Monday, July 4, 2011
Following up on my earlier posts (here and here): It strikes me that a fair challenge to my position would be to say, "So what?" A theory is useless unless it has specific practical consequences that are different from those of a competing theory. In this case, a fair question (although not the only question) would be to ask, "What are the consequences of my theory for disclosure under US securities laws of a VIE structure (or some similar structure that is questionable under formal law)?" Stan Abrams at China Hearsay is clear about what he thinks the disclosure ought to be (he's sort of kidding, but only sort of). Does my theory dictate or allow a substantially different disclosure?

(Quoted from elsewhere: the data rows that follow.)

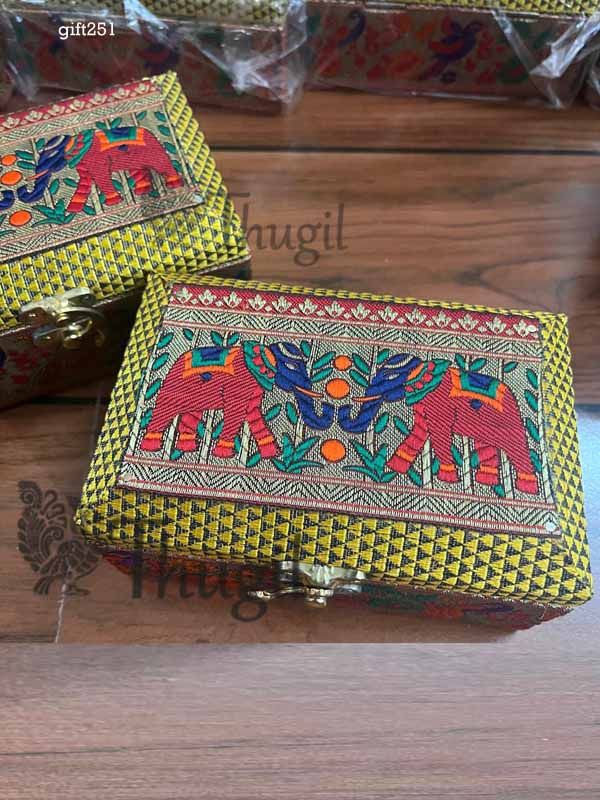 Beautiful rectangle box for gift hampers and return gift. Embroidery colourful elephant and flower design box makes for a beautiful return gift for special occasions.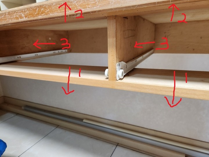 看起來是空壓機打ST釘固定磨切機切不太斷,也沒那麼長的刀頭請準備"肉滷阿" 可能要大隻+小隻的加一隻有點分量的鐵鎚 (太輕的鐵鎚敲不動且反而大聲)腳路可以就用小隻的一支一支釘拔 (很慢 但很小聲)不行就用大隻的整片一起橇了 (這就會粗魯一點了)因為肉滷阿要敲進去咬住釘子頭,才有施力點去橇要敲就不會太小聲..照順序敲下來有可能掀起來2的時候,3就一起掀起來,不過不重要,重要的是1、2、3都拿走才有空間去橇後面固定在牆壁那塊木板另外橇完要面對坑坑洞洞的牆壁因為ST釘拔出來會順便帶整塊水泥下來
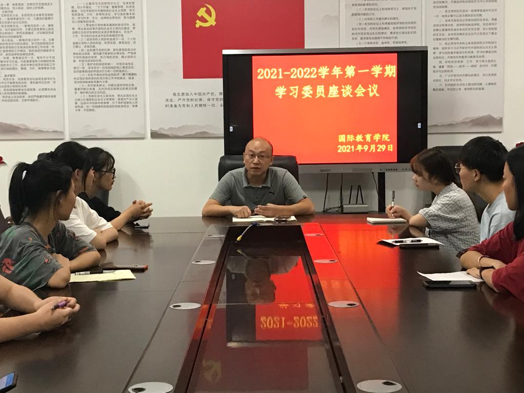 本站讯(国际教育学院 学生记者 何雪琪)新学期开始,为了进一步了解我院学生学习状态,帮助同学们养成良好的学习习惯、营造浓厚的学习风气,国际教育学院于2021年9月29日晚19:30在科技综合楼401召开了本学期学习委员座谈会。会议由副院长肖勇主持,在校班级学习委员及部分学生代表共15人参加。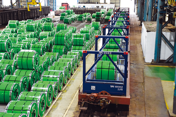 圖為柳鋼柳州本部冷軋廠正在組織冷軋產品裝載。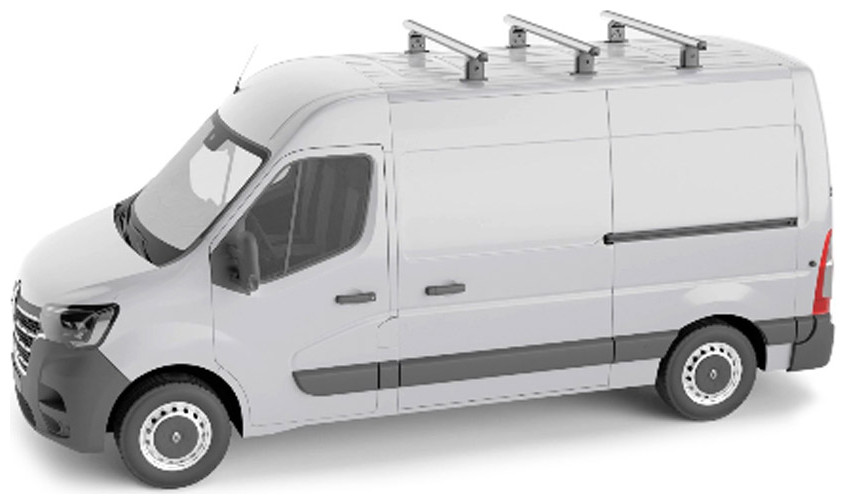 Πλήρες kit με μπάρες οροφής της επαγγελματικής σειράς AIRDYN από την εταιρία MENABO, 100% ιταλικής προέλευσης και κατασκευής από υψηλής ποιότητας ελαφρύ, ανθεκτικό αλουμίνιο σε ασημί χρώμα. Κατάλληλες για χρήση σε συγκεκριμένα επαγγελματικά οχήματα και van.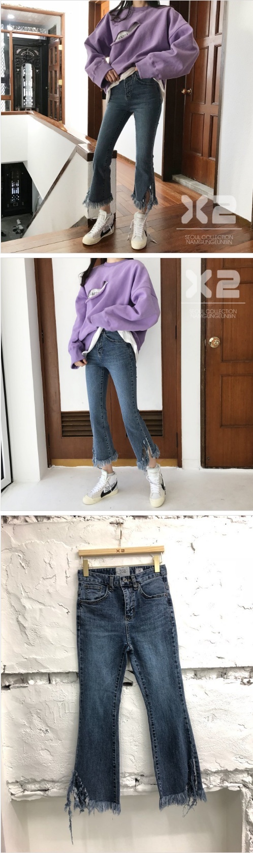 Women`s High Waist Bootscut Denim Pants with Cutting Out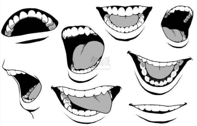 在插画和漫画中嘴巴的动态很鲜明,例如在张嘴O字形、闭嘴时一字形、咬牙形等是插画和漫画人物活动最多的部分。

Here's Stan's favored disclosure, borrowed from Fredrik Öqvist of the China Finance blog:
Although our corporate structure is intended to circumvent Chinese laws and regulations, and is thus illegal, enforcement of these rules in China is subject to substantial uncertainty. We do not believe that the PRC authorities will enforce these laws in our case, but we cannot assure you that the PRC authorities will take the same view.

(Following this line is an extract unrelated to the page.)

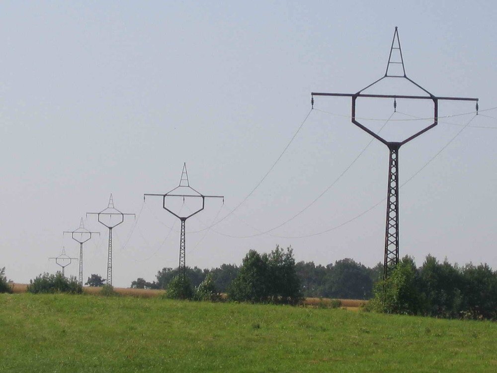 Unique power line from Großenhain-Mülbitz towards Meißen. Probably constructed in the 1910s and removed around 2005. There was a second generation of witchhats in Saxony once, constructed in the 1930s but none of them survived until now. Foto taken around 2004, unknown fotographer. |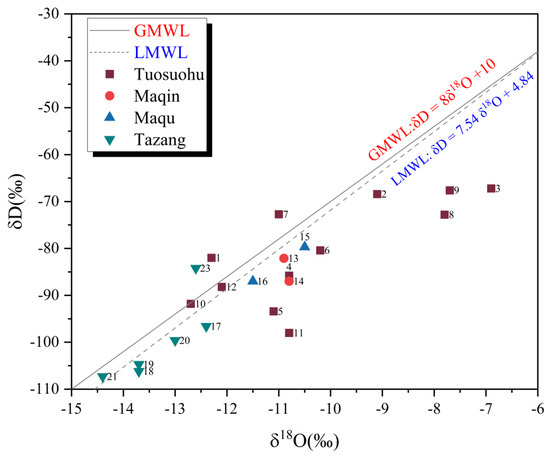 Graph of the relationship between δD and δ18O. GMWL: δD = 8δ18O + 10 [61]; LMWL: δD = 7.54 δ18O + 4.84 [62].

Somehow I feel it ought to be possible to be honest about at least some structures without declaring that they're "illegal." As I noted in an earlier post, the same thing could be said about joint ventures in Zhongguancun set up with an individual Chinese investor (specifically and openly permitted and welcomed by the Beijing municipal government, although pretty clearly illegal under any plausible interpretation of the Law on Legislation), or limited partnerships set up under local rules at a time when the Partnership Law didn't allow them. However, I have to admit I don't have good suggested wording of my own, and so I'm really in no position to make objections. Suggestions?